Data to process =
-------------------------
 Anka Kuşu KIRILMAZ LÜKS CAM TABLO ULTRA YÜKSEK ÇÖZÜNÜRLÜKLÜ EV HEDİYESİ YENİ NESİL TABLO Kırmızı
-------------------------
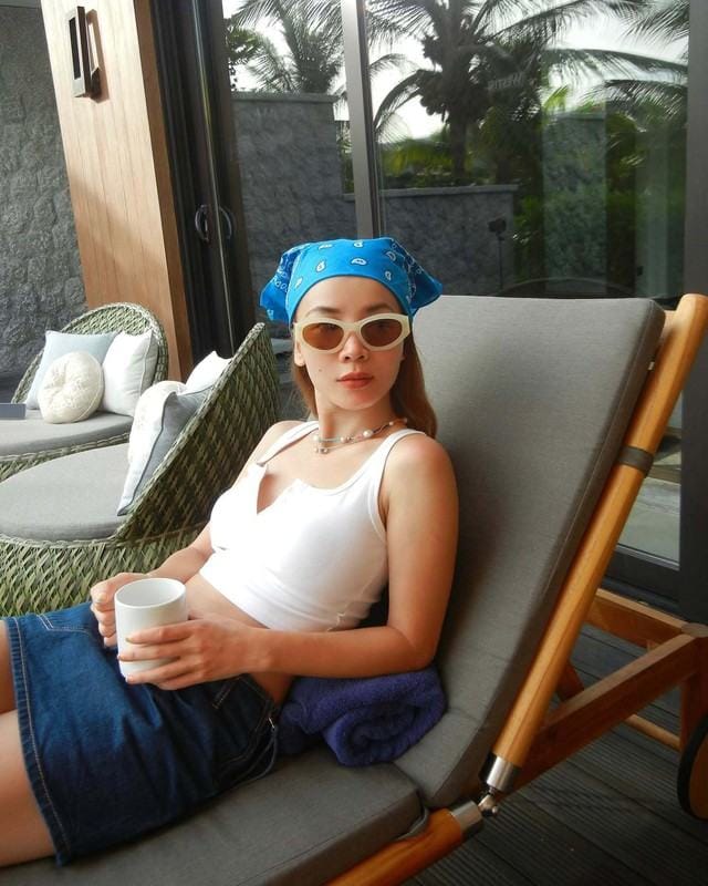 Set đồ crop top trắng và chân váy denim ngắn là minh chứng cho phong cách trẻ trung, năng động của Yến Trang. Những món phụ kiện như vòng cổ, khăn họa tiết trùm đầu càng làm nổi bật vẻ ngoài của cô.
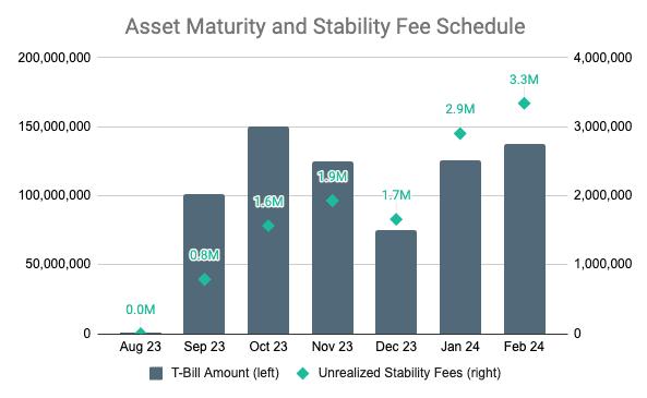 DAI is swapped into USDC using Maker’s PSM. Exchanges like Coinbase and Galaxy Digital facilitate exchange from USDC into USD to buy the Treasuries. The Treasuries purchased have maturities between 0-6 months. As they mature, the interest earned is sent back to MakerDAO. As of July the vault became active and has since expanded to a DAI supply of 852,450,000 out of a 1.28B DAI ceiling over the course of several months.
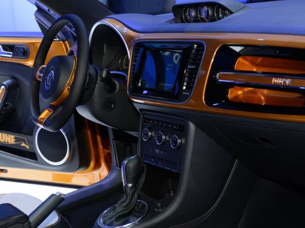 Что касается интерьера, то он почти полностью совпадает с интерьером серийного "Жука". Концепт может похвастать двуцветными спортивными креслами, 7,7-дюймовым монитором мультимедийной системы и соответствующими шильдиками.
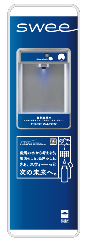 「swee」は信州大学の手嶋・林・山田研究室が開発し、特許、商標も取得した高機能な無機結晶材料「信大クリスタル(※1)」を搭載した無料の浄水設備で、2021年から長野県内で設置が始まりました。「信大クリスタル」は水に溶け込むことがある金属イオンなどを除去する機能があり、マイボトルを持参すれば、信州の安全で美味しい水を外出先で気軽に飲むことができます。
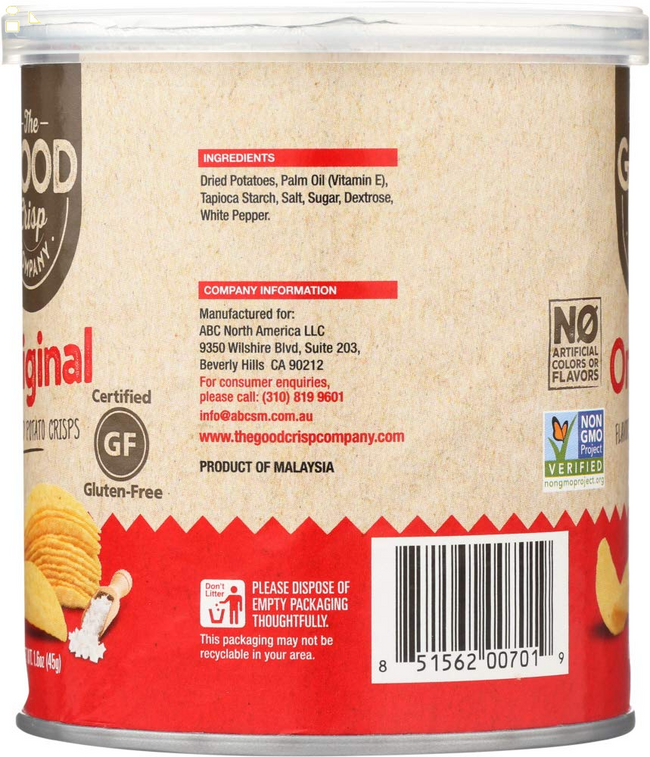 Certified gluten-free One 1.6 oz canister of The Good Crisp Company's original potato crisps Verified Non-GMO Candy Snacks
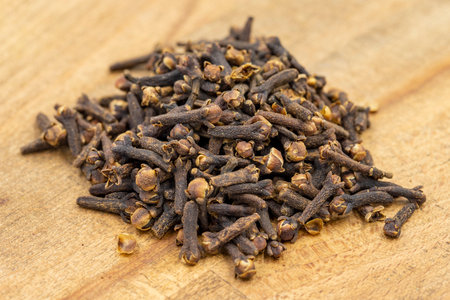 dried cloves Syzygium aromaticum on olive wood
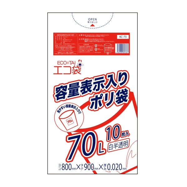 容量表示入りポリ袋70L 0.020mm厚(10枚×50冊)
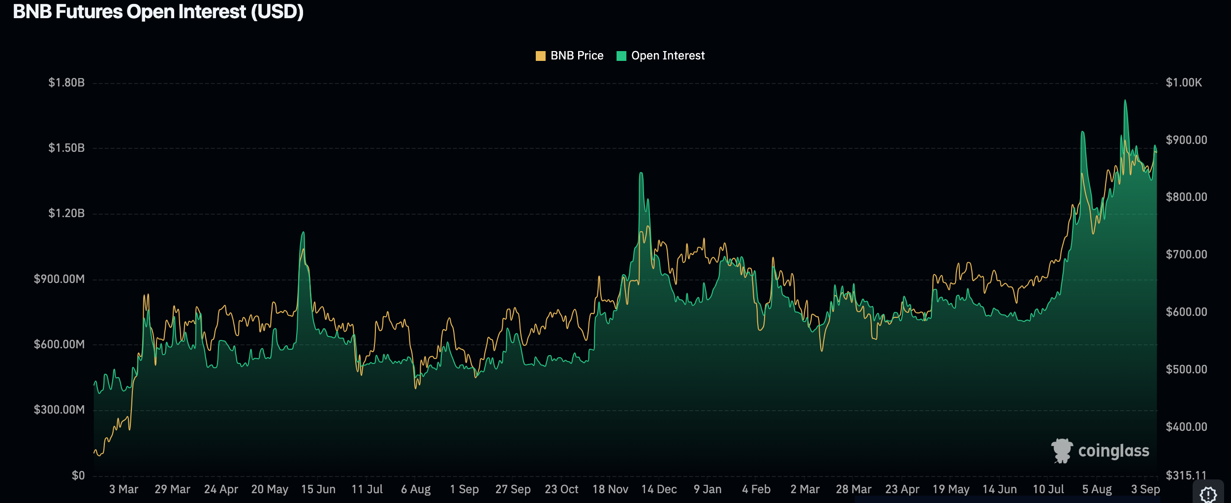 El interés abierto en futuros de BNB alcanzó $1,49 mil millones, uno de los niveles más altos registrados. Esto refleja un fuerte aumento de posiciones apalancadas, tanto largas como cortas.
-------------------------
What you have to do = Both the line containing "容量表示入りポリ袋70L 0.020mm厚(10枚×50冊)" and the line containing "El interés abierto" above belong in the output, as do the lines between them. Print them exactly, without pictures.

Output for this task =
 容量表示入りポリ袋70L 0.020mm厚(10枚×50冊)
 El interés abierto en futuros de BNB alcanzó $1,49 mil millones, uno de los niveles más altos registrados. Esto refleja un fuerte aumento de posiciones apalancadas, tanto largas como cortas.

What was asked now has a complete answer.